Я смотрел ему в глаза. Такие же льдистые, как у его собаки. Только бледнее цветом, утренний светло-голубой оттенок и тонкая поволока влаги, это старческое. А что там дальше?
Любопытство... Пренебрежение. Превосходство.
Читался он легко, потому что не считал нужным скрывать свои мысли. Это уже в прошлом. Проехавшись по снова завоёванной восточной германии, по грустным кварталам панельных пятиэтажек на Циппендорфе, районе Шверина, покатавшись по вдоль заборов воинских частей, он вдоволь нагляделся. Накуражился внутри себя. Победители... Кто победители?
- Что думаешь, Василий, - спросил меня начальник ГДО ВасьВась, - вот пришел, немец западный, ветеран второй мировой, летчик Люфтваффе, говорит, готов выступить перед нашей публикой, рассказать как воевал, что , мол, надо дружить сейчас, забыть прежние обиды...

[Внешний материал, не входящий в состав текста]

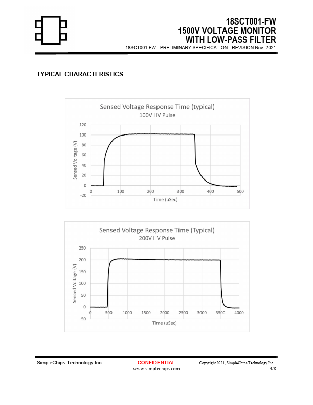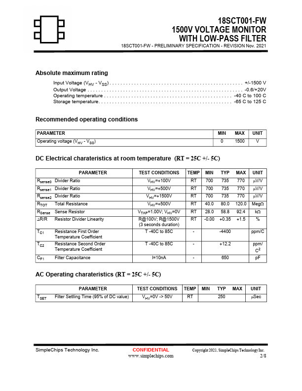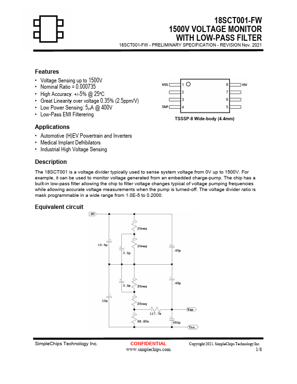 The 18SCT001 is a voltage divider typically used to sense system voltage from 0V up to 1500V. For example, it can be used to monitor voltage generated from an embedded charge-pump. The chip has a built-in low-pass filter allowing the chip to filter voltage changes typical of voltage pumping frequencies while allowing accurate voltage measurements when the pump is turned-off.

- Знаете, Василий Васильевич, - я бы сам его сейчас прикончил, была бы возможность, - он же сука нас ни в грош не ставит. Мне вообще кажется, что он наслаждается тем, что видит... Он не проиграл войну. Он выиграл её. Ему это понимание прямо-таки оргазм доставляет. Не надо его к публике. Парни у нас есть несдержанные, конфликт будет. А на Вас точно настучат в особый отдел, мол, фашистов зазвали, пропаганда, нет, нет, ну его нах! Плохо кончится. Я так думаю. Но Вы решение принимайте, он же к Вам приперся, не ко мне. Я-то чего?

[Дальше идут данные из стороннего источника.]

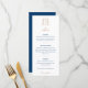 Couleur bleu foncé et or rose sur le menu du dîner mariage blanc. Modifiez ce menu de 3 plats avec votre propre libellé d'option de repas. Cimetière monographique à la main, formelle mais moderne, avec baies et feuilles entrelacés, et recouvert d'un motif de couronne cardiaque. © Dessin à la main original et design par Sarah Trett pour www.mylittleedenweddings.com exclusivement sur zazzle.

- Так может ты это, с ним потолкуешь как-то, - ты же пресса, газета, - начал технично сливать своего неожиданного визави начальник ГДО, - я тебя представлю, вон там в кабинете можете поговорить, да и пускай себе едет дальше.

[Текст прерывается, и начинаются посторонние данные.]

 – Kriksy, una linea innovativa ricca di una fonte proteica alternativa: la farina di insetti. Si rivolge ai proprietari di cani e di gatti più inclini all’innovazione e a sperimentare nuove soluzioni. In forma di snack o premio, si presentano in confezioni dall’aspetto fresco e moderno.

- А чего он вообще сюда приехал? Кто его звал?
- Да в том-то и дело, что никто, я уже отзвонился в Политуправление Группы, они не знают ничего, говорят, мол, сам там разбирайся, мы к тебе никого не отправляли!
- Да уж, денёк, однако, - я посмотрел на утомлённого уже с утра подполковника и понял, что разгребать все равно мне, он же сейчас начпо дивизии позвонит и скажет, что я в ГДО, и фашист тоже, а начпо молодец у нас, бодрый и не боится перекладывать ответственность, скажет: а чё, Василий уже там?! Вот пресса, блин, прямо чует где надо оказаться вовремя!
И так все равно этот фашист мне достанется... Ладно, хрен с ним, попробую поговорить. Вдруг что интересное расскажет.
Эта страшная связующая времена нить протянулась ко мне из прошлого. Летчик Люфтваффе, летавший над моей страной и стрелявший, возможно, в моего, воевавшего тогда деда, бомбивший наши города, видевший в перекрестие прицела наших летчиков.
Я так думал, а у самого какая-то глубинная генетическая ненависть просыпалась, я и не знал, что у меня такая есть. Можно её сравнить с глухим бурлением вулкана, прежде, чем извержение устроить.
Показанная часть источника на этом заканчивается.